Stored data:

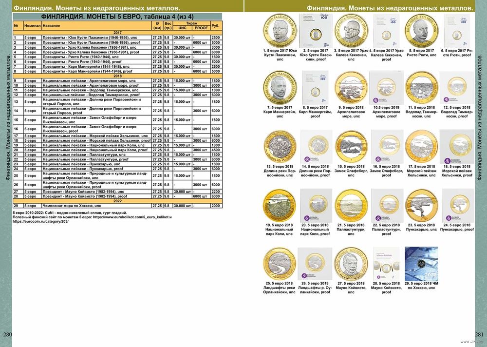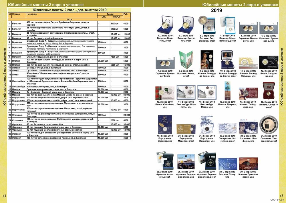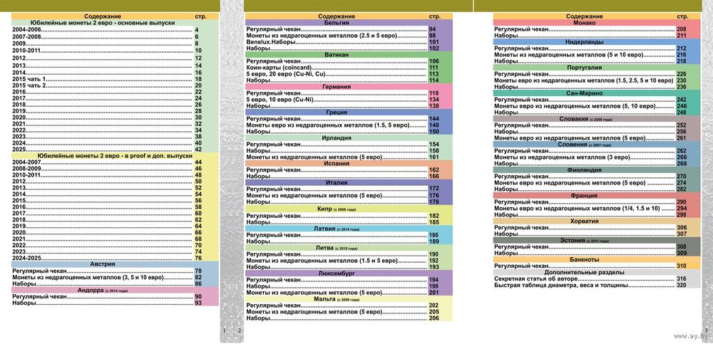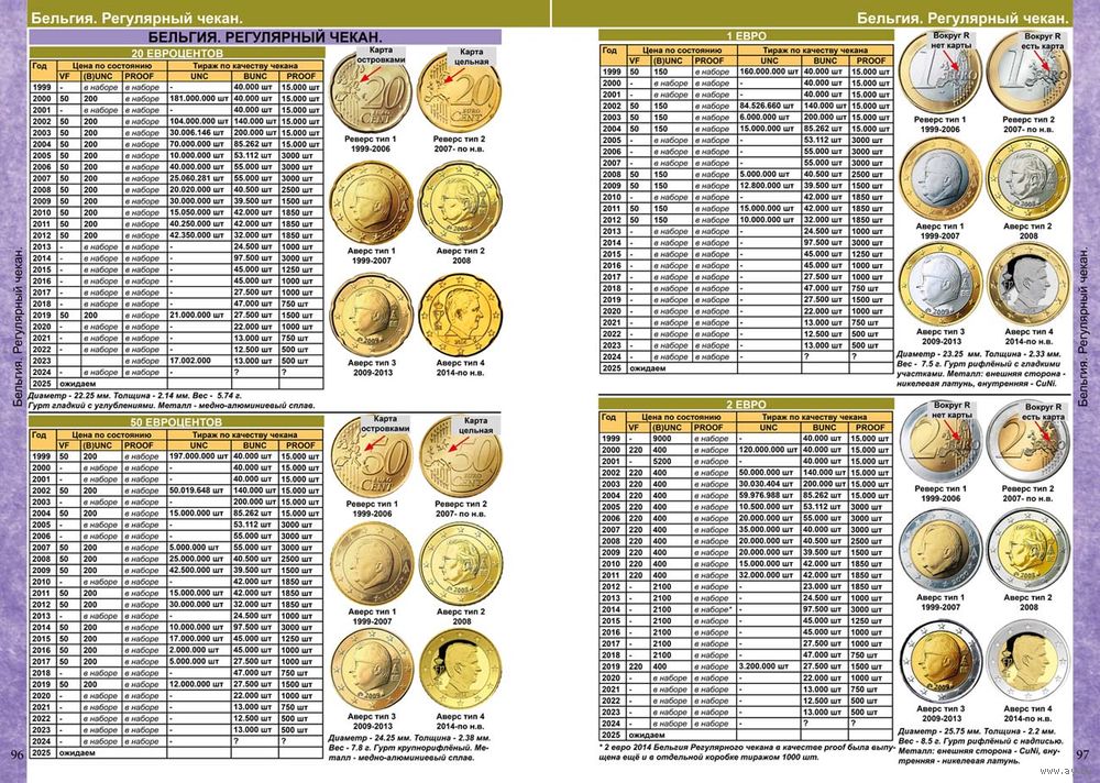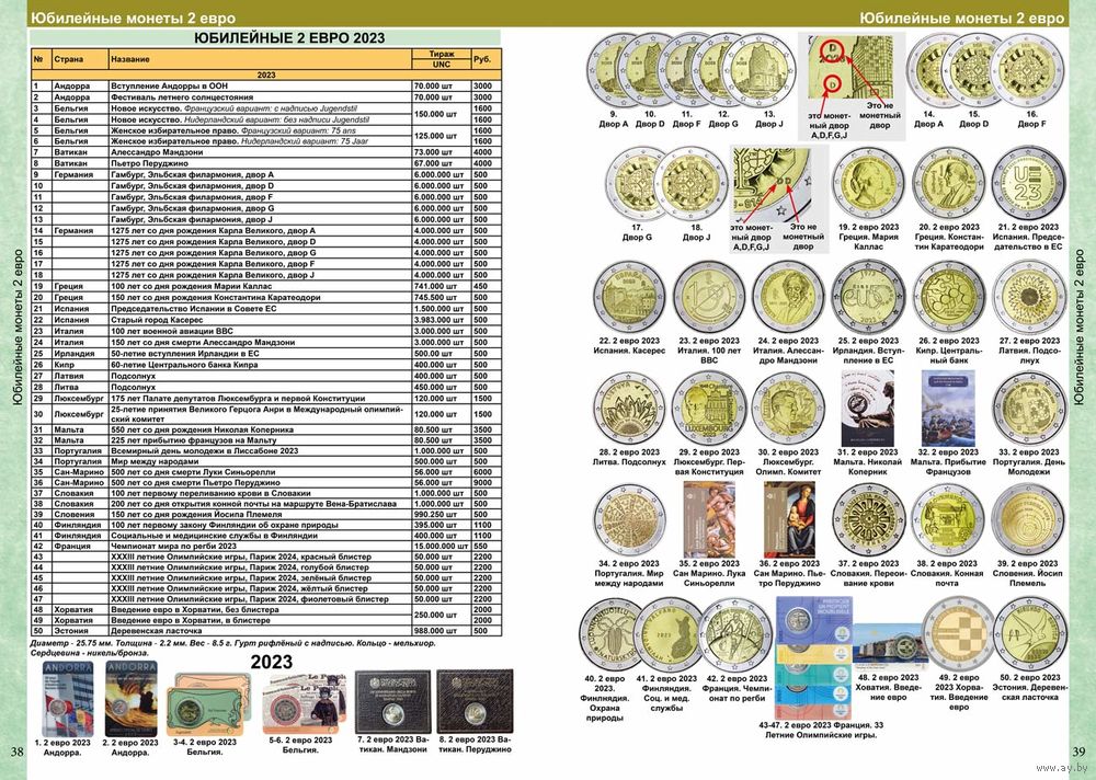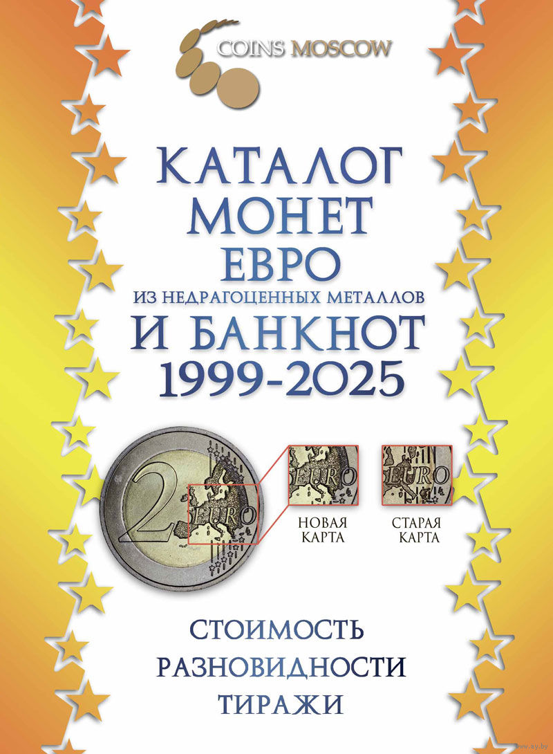 Каталог монет Евро из недрагоценных металлов и банкнот 1999-2025 с ценами.
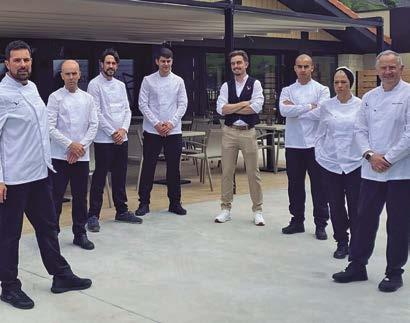 Eguzkiñe Gezuraga (ezker) eta Omer Amarika (eskuin) Binkekideak Basoa jatetxeko Gaizka Sainzekin, jasoko dituzten bina jatorduen berri jasotzeko unean.
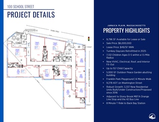 Turnkey Daycare Finished in 2025 Available for Lease or Sale. • 9,796 SF Available for Lease or Sale • Turnkey Daycare Retrofitted in 2025 •Sale Price: $6,000,000 •Lease Price: $49/SF NNN • 7,132 Children Ages 0-5 within a 1.5 Mile Radius • New HVAC, Electrical, Roof, and Interior Fit-Out • Up to 157 Child Capacity • 5,000 SF Outdoor Peace Garden abutting building • Franklin Park Playground | 6 Minute Walk • 9,278 ADT on Washington Street • Robust Growth: 3,337 New Residential Units Built/Under Construction/Proposed since 2016 • Adjacent to Stony Brook MBTA Orange Line Stop and the 42 Bus Line • 8 Minute T Ride to Back Bay Station
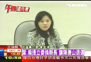 人在臺北看守所的陳水扁,再度介入民進黨臺南縣長選舉!“立委”葉宜津證實23日她去看扁時,阿扁提議要挺她選縣長,若當選辭去“立委”之后,阿扁要來補選這席“立委”,這樣的交換條件,葉宜津說,她沒有答應。葉宜津表示,“(扁說)我這一席‘立委’空出來以后讓他選,陳唐山就會知難而退,陳水扁提出這一點以后,我就告訴他這不是我能決定的。”
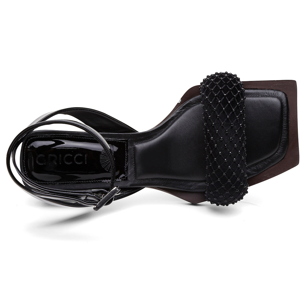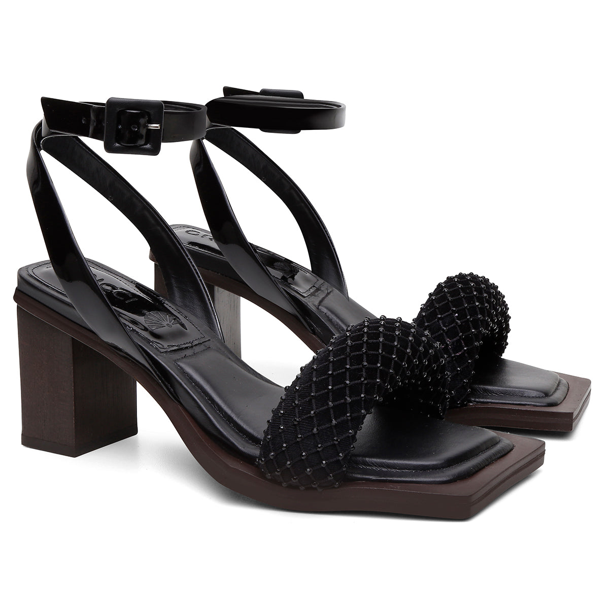 Descrição:  Sandália alta veludo uno produzida em couro natural com veludo trabalhado a mão em fio com brilho. O modelo de salto alto de madeira,  palmilha em couro confort gricci, solado com insertos antiderrapantes e bico quadrado. Traz uma tira sobre os dedos com acabamento em veludo e tira fina de amarração no tornozelo.
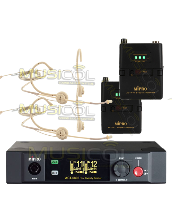 זוג מיקרופונים אלחוטיים משדר חגורה ומדונה MIPRO ACT-5802-TM 5.8GHz
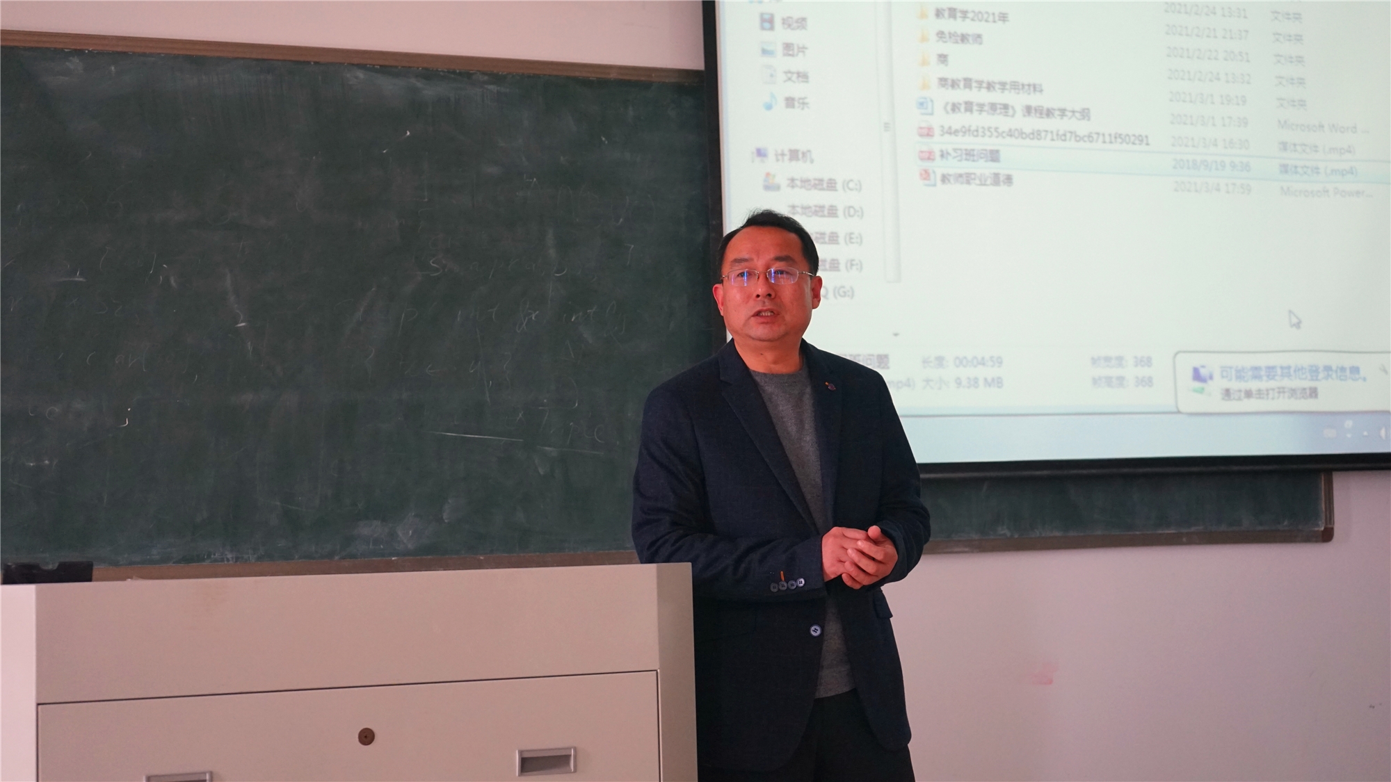 王军强副经理从新教师职业道德含义特点、我国高校教师职业道德主要规范及新形势下教师职业道德自我修养三个方面进行了充分的举例和讲解。王经理希望同学们在今后工作中以“新时代高校教师职业行为十项准则 ”为指导,严格要求自己,争做有理想信念、有道德情操、有扎实学识、有仁爱之心的教师。

TASK TO COMPLETE: All lines from the one bearing "人在臺北看守所的陳水扁,再度" through the last line of the records, and only those, should be duplicated exactly; no picture belongs in the copy.

OUTPUT:
 人在臺北看守所的陳水扁,再度介入民進黨臺南縣長選舉!“立委”葉宜津證實23日她去看扁時,阿扁提議要挺她選縣長,若當選辭去“立委”之后,阿扁要來補選這席“立委”,這樣的交換條件,葉宜津說,她沒有答應。葉宜津表示,“(扁說)我這一席‘立委’空出來以后讓他選,陳唐山就會知難而退,陳水扁提出這一點以后,我就告訴他這不是我能決定的。”
 Descrição:  Sandália alta veludo uno produzida em couro natural com veludo trabalhado a mão em fio com brilho. O modelo de salto alto de madeira,  palmilha em couro confort gricci, solado com insertos antiderrapantes e bico quadrado. Traz uma tira sobre os dedos com acabamento em veludo e tira fina de amarração no tornozelo.
 זוג מיקרופונים אלחוטיים משדר חגורה ומדונה MIPRO ACT-5802-TM 5.8GHz
 王军强副经理从新教师职业道德含义特点、我国高校教师职业道德主要规范及新形势下教师职业道德自我修养三个方面进行了充分的举例和讲解。王经理希望同学们在今后工作中以“新时代高校教师职业行为十项准则 ”为指导,严格要求自己,争做有理想信念、有道德情操、有扎实学识、有仁爱之心的教师。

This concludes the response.